But despite such tools, many AI projects still disappoint, says Debra Logan of Gartner, a market-research firm. One big problem is data silos which reflect a firm’s internal boundaries. Different departments within a company, afraid of relinquishing power, are loth to share their data or change what they collect and how (making the point that data structures are often just thinly veiled power structures). This has kept many firms from developing a coherent “data strategy” that would ensure they actually collect and analyse the information they need to achieve their business goals.
To overcome such digital divisions, some companies have made organisational changes. A growing number have appointed a “chief data officer” who can knock heads together to ensure that the IT department and business units work together, which they must to build anything resembling an AI-assembly line. Yet changes at the top, as well as in technology, are not worth much, if the rest of the company is not ready. “Poor data literacy” is the second biggest barrier to corporate data projects, preceded only by “cultural challenges to accept change”, according to a recent survey by Gartner.

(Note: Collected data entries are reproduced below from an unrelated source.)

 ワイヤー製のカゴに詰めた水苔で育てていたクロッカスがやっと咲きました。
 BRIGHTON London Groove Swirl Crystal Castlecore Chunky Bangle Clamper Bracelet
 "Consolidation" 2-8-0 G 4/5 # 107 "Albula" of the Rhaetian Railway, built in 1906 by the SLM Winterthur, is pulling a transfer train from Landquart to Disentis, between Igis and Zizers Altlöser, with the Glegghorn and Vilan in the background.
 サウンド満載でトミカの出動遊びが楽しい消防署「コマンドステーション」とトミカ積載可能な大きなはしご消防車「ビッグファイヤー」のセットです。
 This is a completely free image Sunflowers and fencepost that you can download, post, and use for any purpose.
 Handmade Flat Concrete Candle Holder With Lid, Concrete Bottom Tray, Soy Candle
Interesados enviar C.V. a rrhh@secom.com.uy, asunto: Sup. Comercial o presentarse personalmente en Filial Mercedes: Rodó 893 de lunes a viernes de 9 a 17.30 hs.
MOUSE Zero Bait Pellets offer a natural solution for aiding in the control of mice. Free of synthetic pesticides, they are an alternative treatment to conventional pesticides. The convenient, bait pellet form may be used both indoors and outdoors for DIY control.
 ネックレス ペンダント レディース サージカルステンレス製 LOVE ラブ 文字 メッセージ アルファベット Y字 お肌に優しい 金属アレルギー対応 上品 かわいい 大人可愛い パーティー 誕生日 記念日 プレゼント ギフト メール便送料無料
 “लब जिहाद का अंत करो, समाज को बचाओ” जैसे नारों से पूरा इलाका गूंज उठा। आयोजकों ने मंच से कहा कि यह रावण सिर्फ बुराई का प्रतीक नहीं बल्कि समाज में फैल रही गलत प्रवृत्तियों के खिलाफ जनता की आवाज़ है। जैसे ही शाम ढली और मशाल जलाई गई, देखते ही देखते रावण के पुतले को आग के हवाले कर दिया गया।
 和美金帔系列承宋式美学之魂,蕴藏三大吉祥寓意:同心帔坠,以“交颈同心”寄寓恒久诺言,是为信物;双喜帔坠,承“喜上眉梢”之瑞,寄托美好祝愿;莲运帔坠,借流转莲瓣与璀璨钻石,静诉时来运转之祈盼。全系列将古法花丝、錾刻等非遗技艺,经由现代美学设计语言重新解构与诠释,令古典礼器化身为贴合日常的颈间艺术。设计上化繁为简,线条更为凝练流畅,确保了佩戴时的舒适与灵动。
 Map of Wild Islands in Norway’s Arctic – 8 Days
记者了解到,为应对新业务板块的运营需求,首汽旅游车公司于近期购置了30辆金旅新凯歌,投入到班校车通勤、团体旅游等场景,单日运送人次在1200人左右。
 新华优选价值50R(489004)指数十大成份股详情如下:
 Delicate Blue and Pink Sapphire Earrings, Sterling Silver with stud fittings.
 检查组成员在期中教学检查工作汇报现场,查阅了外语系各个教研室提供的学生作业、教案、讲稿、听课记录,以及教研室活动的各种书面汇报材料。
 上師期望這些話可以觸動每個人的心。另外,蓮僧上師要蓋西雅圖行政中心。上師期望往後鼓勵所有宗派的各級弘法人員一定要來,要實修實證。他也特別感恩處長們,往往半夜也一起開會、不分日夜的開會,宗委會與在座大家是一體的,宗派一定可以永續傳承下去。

Changing this does not mean that all employees have to become data scientists, but that they have a basic grasp of what data can be used for and what not, says Mike Potter, the chief technology officer of Qlik.
Data, he argues, are never neutral and must always be questioned: they may be collected for political reasons or in a way that hides things. “We all think that data are so objective,” he says, “but they are actually as interpretable as Shakespeare.” Despite all the tech, there may never be a single version of the truth. ■